A USA Today story this morning asserted that the European Missile Defense (EMD) system would cost $9 billion to $13 billion and might not work, a report likely to be used by Democrats in Congress who argue for sidelining or killing EMD.

The story also was published as President Obama has offered Moscow a deal to drop the EMD plan that Russia opposes, if Russians will attempt to persuade Iran to cease moving toward nuclear missile capabilities. (Please see Space & Missile Defense Report, Monday, March 2 and March 9, 2009.)

More generally, Obama says he supports missile defense, but only if it is proven to work and is cost-effective, terms he didn’t define.

EMD is designed to protect Europe and the United States from missiles launched by rogue nations in the Middle East, such as Iran, which has both a nuclear production program and long-range missile technology. (Please see stories in this issue.)

The USA Today story cited non-recent reports, and long-time critics of missile defense programs.

One report cited, by the Government Accountability Office, or GAO, said tests haven’t proven that missile defense systems can take down incoming enemy missiles that deploy decoys along with warheads.

It is true that a test of the Ground-based Midcourse Defense (GMD) system deployed in Alaska and California shot down a target missile in a test where the target failed to emit decoys. It is unclear how that would prove the system would have failed to hit the target if the decoys had deployed. The EMD interceptors would be variants of the GMD interceptors.

The report also states that GMD failed to knock down targets in five out of 13 tests. But four of those failures were caused by glitches such as software problems, not by inherent deficiencies in the GMD system itself, Rick Lehner, the Missile Defense Agency spokesman.

Further, he noted, the missile-defense-system record is 37 successful kills of target missiles in 47 attempts since 2001. There has been a rising percentage of successes in recent years.

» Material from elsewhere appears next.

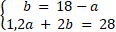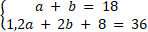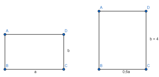 Stwórz układ równań wiedząc, że obwody obu prostokątów są równe 36. Wyznacz wartości a i b i oblicz pole prostokąta.

The story also notes, correctly, that EMD would leave a small part of Europe unprotected from Iranian missiles. But the EMD never was intended to protect all of Europe, with an expectation that some other system would help to fill the gap.

Since 1985, the United States has spent $144 billion on missile defense, the report continues. Proponents of missile defense, however, note that the loss caused by al Qaeda terrorists on Sept. 11, 2001, far exceeded $100 billion, and that attack didn’t involve nuclear weapons or other weapons of mass destruction.

As well, proponents state that missile defense was supposed to be deployed before it was fully mature, before it might offer absolute certainty of demolishing incoming enemy missiles.

There is value, the proponents assert, in fielding a multi-layered missile defense system, because it raises uncertainty in enemy minds, a fear that if they launch missiles in an attack, those weapons might be demolished by U.S. missile defense systems.

The story includes comments from missile defense critics, including Philip Coyle, a former Pentagon testing and evaluation leader who has testified on occasion before the House Armed Services Committee strategic forces subcommittee, which has cut funding authorizations and placed limitations on some missile defense programs, including EMD.

Coyle recently likened missile defense to someone fastening feathers to their arms and attempting to fly. He also said a laser defense wouldn’t be able to harm a missile if it were painted white, despite a test where a laser blew a large hole in a white-colored missile body. (Please see photo in Space & Missile Defense Report, Monday, April 21, 2008.)